#### WORK TO BE COMPLETED:
The answer must be the full data, restated word for word, with no pictures in it.

#### MATERIAL PROVIDED:
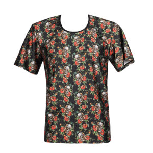 Ce t-shirt sexy est fabriqué en Tissu doux imprimé de crânes et roses esprit RocknRoll.
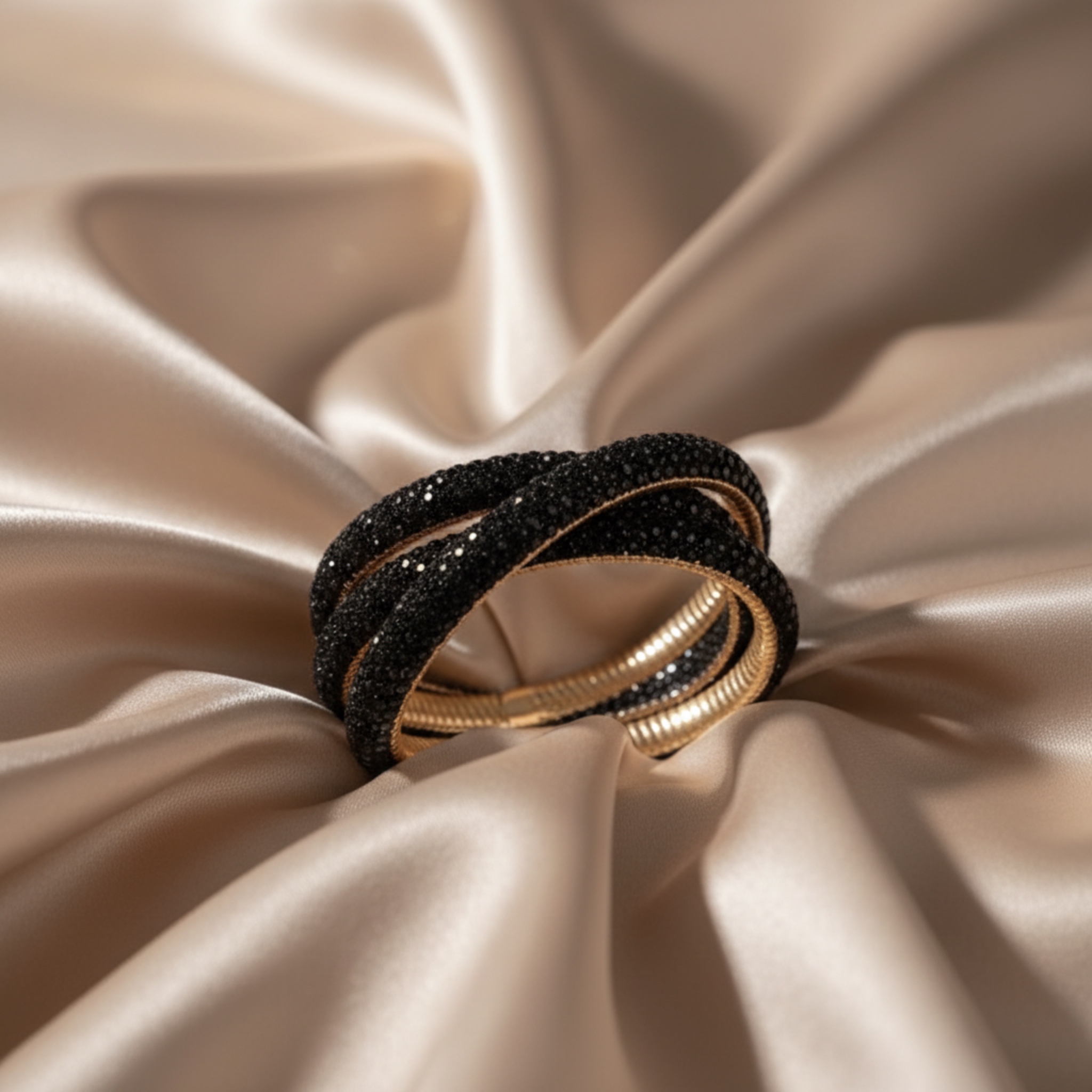 צמיד ספירלה טריו גלאם משובץ קריסטלים וחרוזים שחור ג'ויה
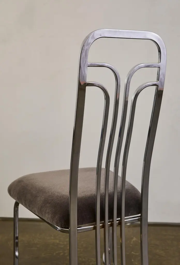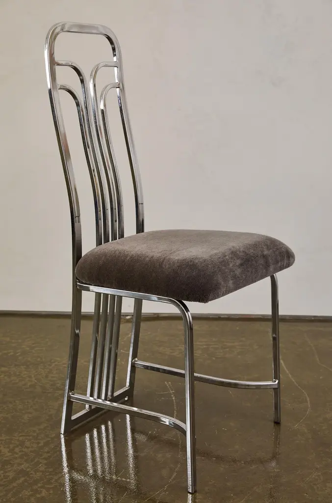 This set of 6 Art Deco revival dining chairs circa 1980s with a vintage chrome finish and newly upholstered gray mohair seats. There is wear to the chrome finish commensurate with age. Chairs can be purchased in sets of two or as a complete set.

#### SOLUTION FOR THIS PROBLEM:
 Ce t-shirt sexy est fabriqué en Tissu doux imprimé de crânes et roses esprit RocknRoll.
 צמיד ספירלה טריו גלאם משובץ קריסטלים וחרוזים שחור ג'ויה
 This set of 6 Art Deco revival dining chairs circa 1980s with a vintage chrome finish and newly upholstered gray mohair seats. There is wear to the chrome finish commensurate with age. Chairs can be purchased in sets of two or as a complete set.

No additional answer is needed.